Yea, I think I was looking for a way for my songwriting to help me tap into the present. Like opening up portals in routine experiences.
Do you think your writing is more of a method of exploration or explanation? I mean, do you feel settled at all when you finish? Or do you feel like it pushes you further down the rabbit hole?
That’s a really good question, I think it’s both. I do feel like when I finish a song, especially one that resonates more deeply, it feels like a little token or something that I can have and carry with me. But that process never really comes to a resolution. I’m always churning and I love writing songs. So, it’s a good problem I would say!
Do you find comfort in that? That there’s always more work to be done? Or maybe the comfort in that there’s always gonna be the next one?
I think so. I mean, I think right now songwriting for me is sort of like a life practice. My songs are always basically written in my head, while going about the daily tasks and work of my life. I never really write a song by picking up a guitar and strumming and creating something intuitively like that, like Paul bashing out “Get Back” in the documentary. It’s something that I just kind of carry with me through the day. I love how writing is portable, like a language game that I can play. A lot of the time I’ll write a song completely in my head over the course of a few days, and then only after it’s fleshed out I’ll get my guitar and figure out what the chords are.
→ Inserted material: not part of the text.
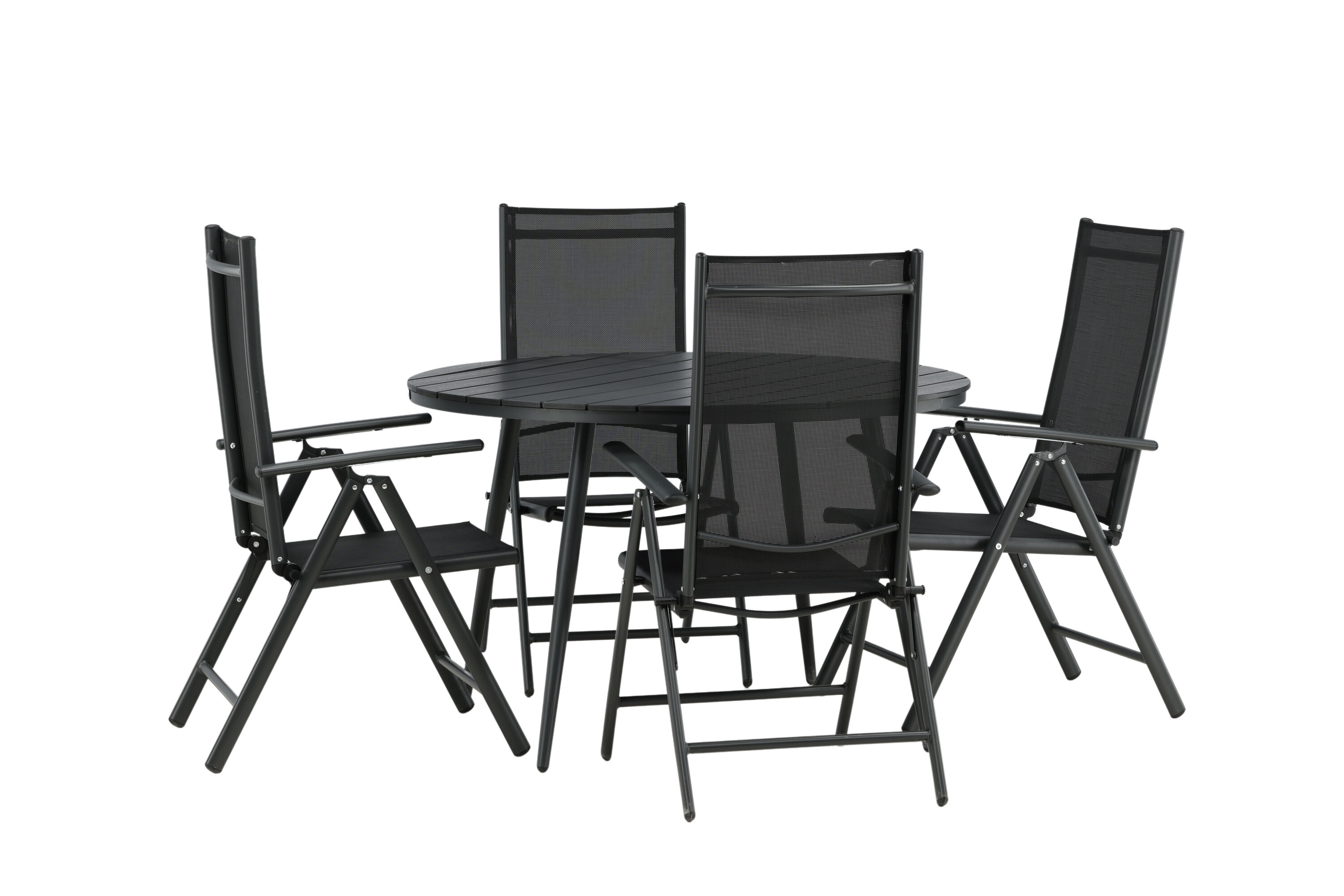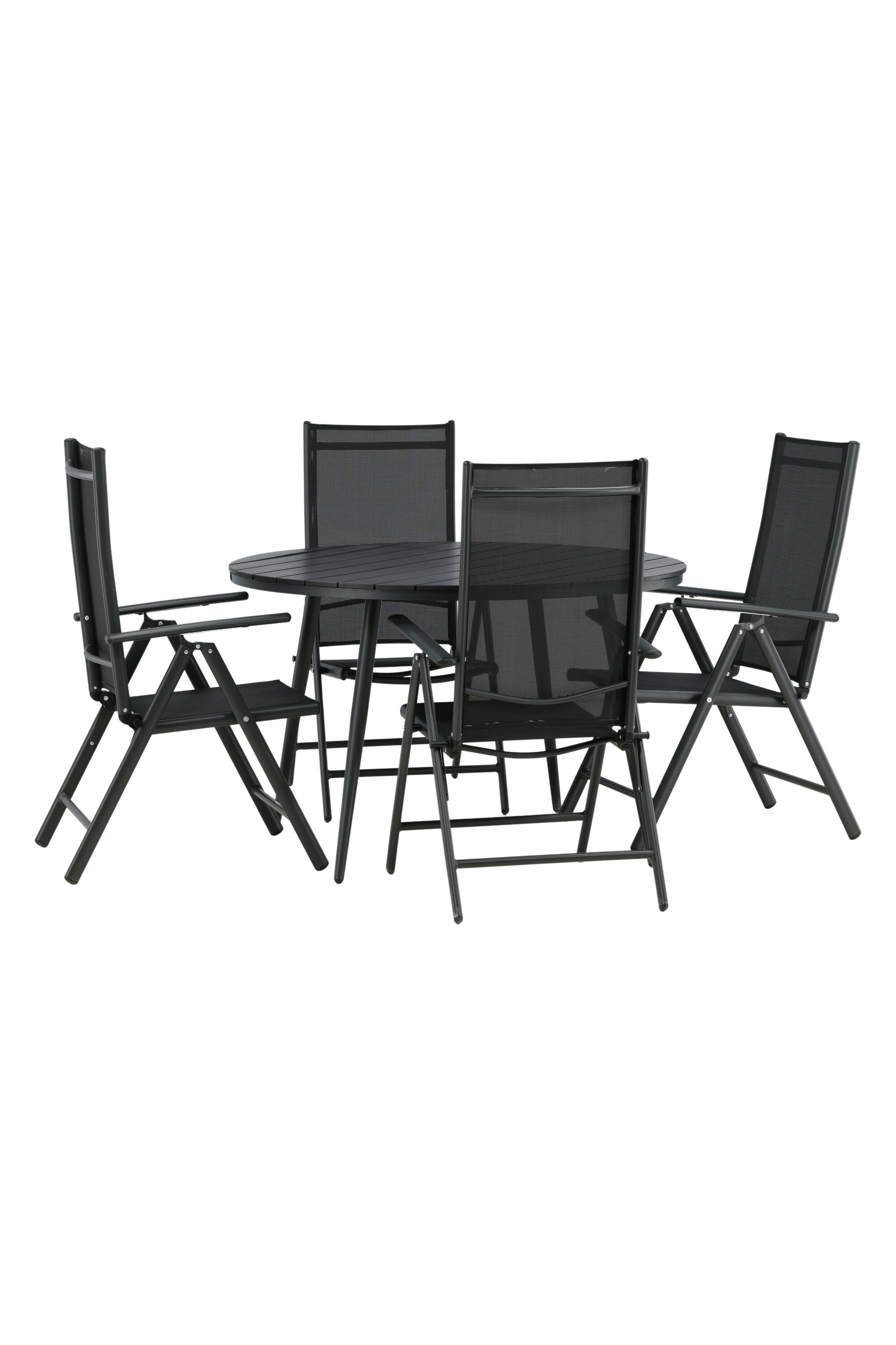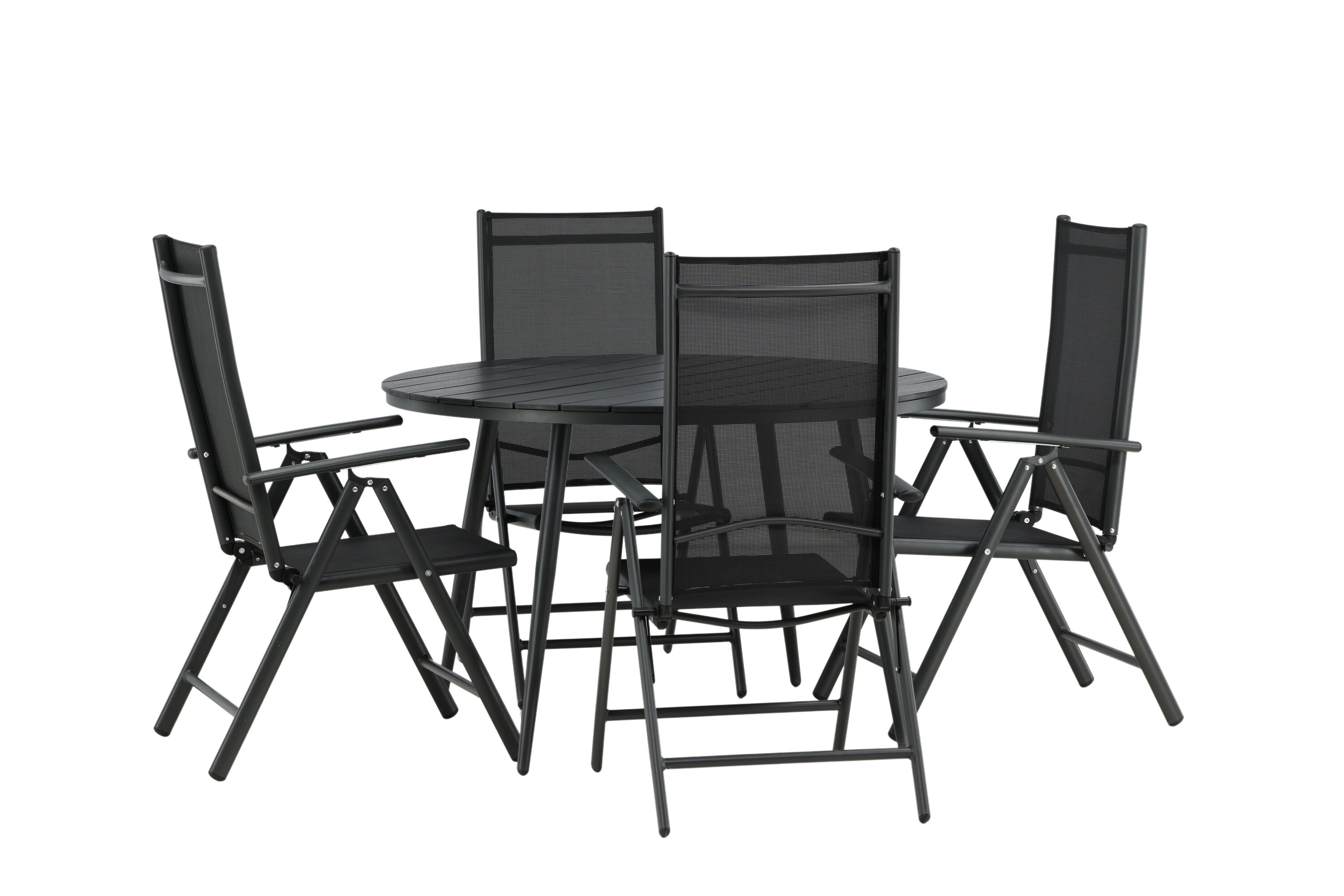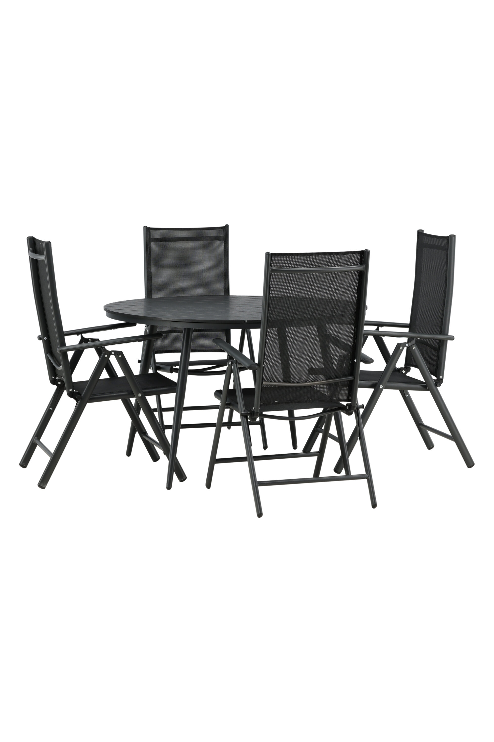 Moodsa disainiga ühtlane musta toidugrupp ei lähe kunagi ajast maha – lihtne sobitada ja oma disainilt ajatu! Laual Break on Aintwoodist ümar lauaplaat ja klassikaline mustast alumiiniumist veermik. Siin täiuslik kombinatsioon sama sarja kokkupandavate söögitoolidega. Mustast tekstiilist toolide seljatugesid saab reguleerida, et tagada optimaalne mugavus ja lõõgastus söögilaua ümber. Looge oma siseõue täiuslik keskpunkt!
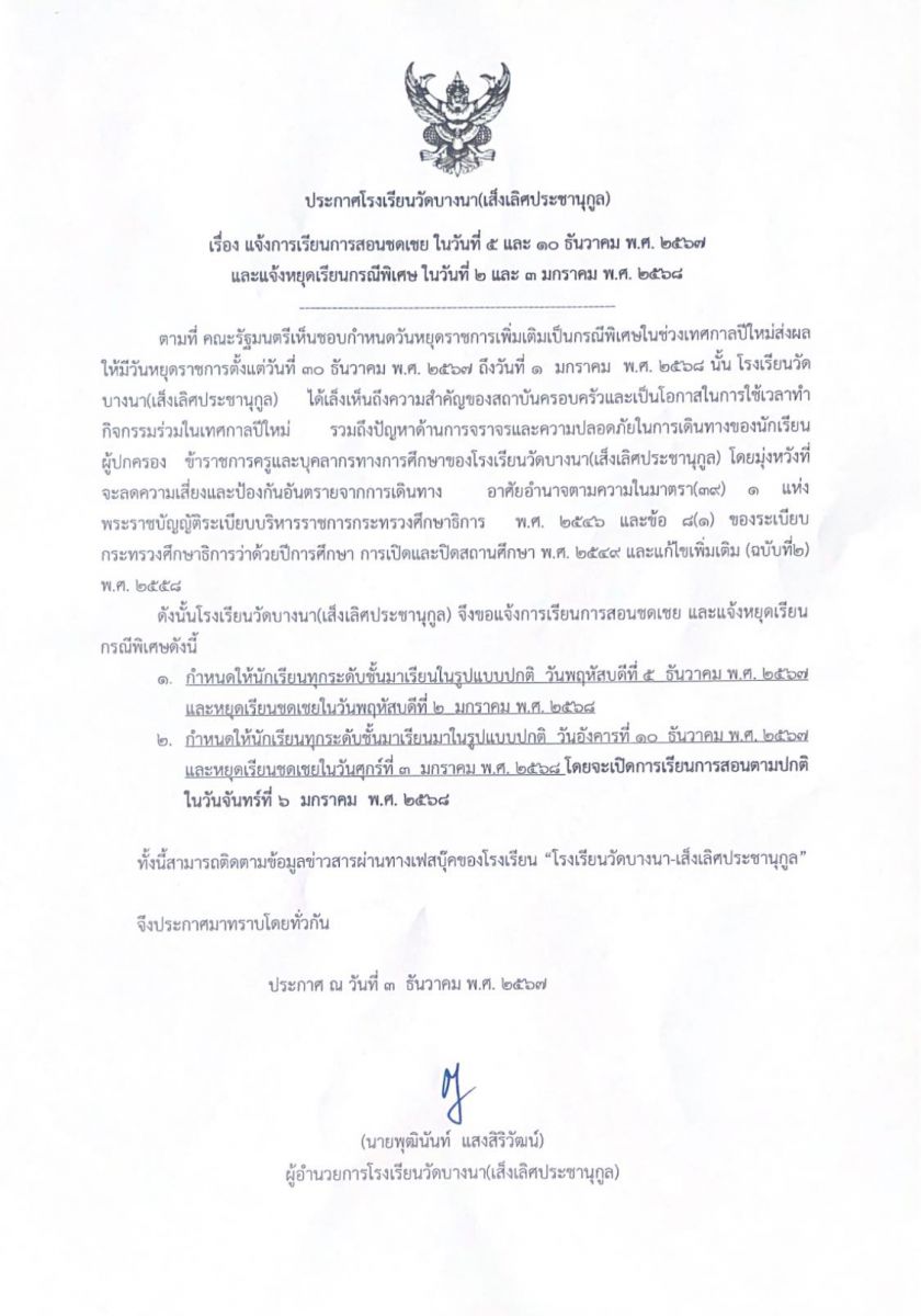 ประกาศโรงเรียนวัดบางนา(เส็งเลิศประชานุกูล) เรื่อง แจ้งการเรียนการสอนชดเชยในวันที่ 5 และ 10 ธันวาคม 2567และแจ้งหยุดเรียนกรณีพิเศษในวันที่ 2-3 มกราคม 2568

I’ll do that in front of a mic, and then the recording that ends up on the album might be one of the first few times I’ve played the song.
And you just self-record in your apartment?
Yes, I just self-record. It’s important to me that it feels true to the small bedroom that I record it in, so there’s no drums or instruments on this album that weren’t true to that space.
Do you think your worry of disturbing your neighbor influenced the way the album sounds?
Very much, yes [laughs]. I wanted to adapt my music making to my life, rather than trying to find a way to get to this ideal sound that wasn’t really related to my circumstances. Playing at a softer scale so I didn’t disturb my neighbors ended up very much shaping the aesthetic of the music.
Have you been playing shows in Chicago?
No, I’ve been playing and collaborating with some friends, and we might try and start playing some shows together. But performing isn’t really a huge driving motivation for me. I’m also a painter, and I almost think of my music as similar to painting, where it’s just this experience of making this thing, coming back to it and layering over time. Writing and recording are the things that I connect deeper with, rather than performing.
So, how do you feel when something gets put out once it’s out of that creating process and considered finished?
A lot of the time when I put something out, I feel like I just really want to make the next thing to correct for what I could have done differently on it [laughs]. With this album, it was such a process of figuring out a new method of writing and working. Now that it’s done, I can see the bigger picture and feel like I’ve gained some confidence from that. I feel excited to keep exploring.
You can listen to Long Term Wave out now via Attaboy Tapes.